En lo que respecta al comercio
intra-MERCOSUR las cifras indican que ha progresado constantemente y supera, tras un
aumento del 30% sólo en 1993, los 8.000 millones de dólares anuales. Desde finales de
los años ochenta y principios de los noventa, el valor de las ventas intra-Mercosur
representaron aproximadamente 34% de las totales intraregionales. Por su parte el comercio
entre los países del Grupo Andino también ha sido un flujo dinámico que aumentó de
manera uniforme durante los últimos años y representa el 14% del comercio regional.
Otro elemento que se adiciona como potencial evidencia de
las potencialidades transformadoras de las herramientas de la integración económica para
la conformación de la comunidad latinoamericana, son las negociaciones entre el Grupo
Andino y MERCOSUR. Proceso que si bien formalmente se inicio en fecha muy reciente,
septiembre de 1996, en práctica tiene antecedentes muy importantes en los acuerdos ya
negociados en el marco de la ALADI, lo que en la jerga de la negociación ha sido
denominado como el Patrimonio Histórico.
Este proceso de negociación debería culminar con la
realización del preciado objetivo, que en la década de los cincuenta se plantearon
algunos visionarios latinoamericanos, de constituir una zona de libre comercio
latinoamericana.
Somos de la opinión de que
desde diversas perspectivas, pero particularmente desde el ángulo político, tales
negociaciones representan uno de los retos más significativos que enfrenta la región. En
este contexto es importante observar que tales negociaciones permitirán la conformación
de un espacio económico sudamericano que contribuirá positivamente en la inserción
eficiente de la región en un mundo globalizado y, adicionalmente, servirá de base para
la definición de una estrategia de negociación en la conformación de la zona de libre
comercio hemisférica.
Desde una perspectiva
económica Mercosur plantea para el Grupo Andino un mercado que cuenta con más de 200
millones de personas, con un Producto Interno Bruto que alcanza los 700 mil millones de
dólares, un nivel de importaciones que para 1994 alcanzó la cifra de 60 mil millones de
dólares y unas reservas internacionales que supera nueve meses de importaciones.

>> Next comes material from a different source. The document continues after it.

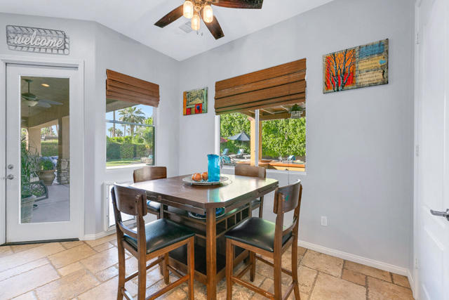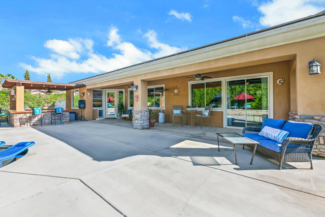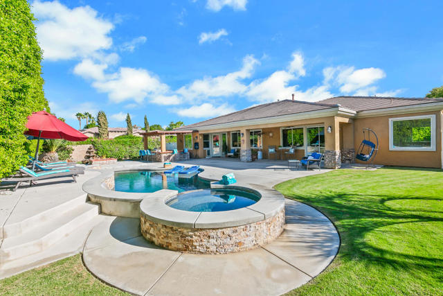 Welcome to this beautiful 4-bedroom, 3-bath home in the highly sought-after gated community of The Orchard--a private enclave just minutes from the Empire Polo Grounds and the world-famous Coachella and Stagecoach festivals.Spanning 2,766 sq. ft. on an expansive 13,068 sq. ft. lot, this residence seamlessly blends elegance and functionality. Inside, you'll find travertine flooring throughout the main living areas and primary suite, complemented by plush carpeting in the additional bedrooms. The chef's kitchen is designed to impress, featuring stainless steel appliances, granite countertops, and a designer backsplash. A statement fireplace with herringbone tile anchors the living room, while a tray ceiling elevates the formal dining area's sophistication.The primary suite is your private sanctuary--complete with a generous walk-in closet and a spa-inspired en-suite bath.Step outside to your personal resort: a saltwater pool and spa, outdoor kitchen, covered patio, and suntan deck surrounded by a lush ficus privacy wall. Ambient lighting, a tranquil fountain, and an outdoor shower create a true retreat for relaxation or entertainment.Perfectly situated for festival-goers, investors, or full-time residents, The Orchard allows up to five short-term rentals per year (buyer to verify), offering rare flexibility and excellent income potential during peak event seasons.Experience luxury, location, and lifestyle--all in one exceptional property.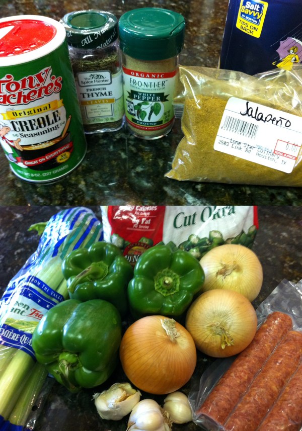 Here is what you’ll need to make smoked turkey and sausage gumbo. Top pic — seasonings. Bottom pic — everything else. Wait, where’s the turkey? Momma had already cut the meat off and boiled the carcass before I got to Baton Rouge so it was in the fridge and I forgot to take a picture.

Definir las bases jurídicas para la conformación de un
espacio económico en América del Sur, permitirá que nuestra sociedad civil empiece
progresivamente a confiar en los recursos y en las instituciones de la región, lo que
seguramente desencadenara un proceso de transformación que será lento pero constante y,
en consecuencia profundo. La comunidad del sur permitirá ir sentando las bases de una
nueva filosofía de vida para los latinoamericanos, ya que se traducirá en una nueva
racionalidad de actuación para el ciudadano común quien laborando en su cotidianidad
construirá, sin planteárselo premeditadamente, un paradigma donde además de su
beneficio individual se logra el beneficio del conjunto social.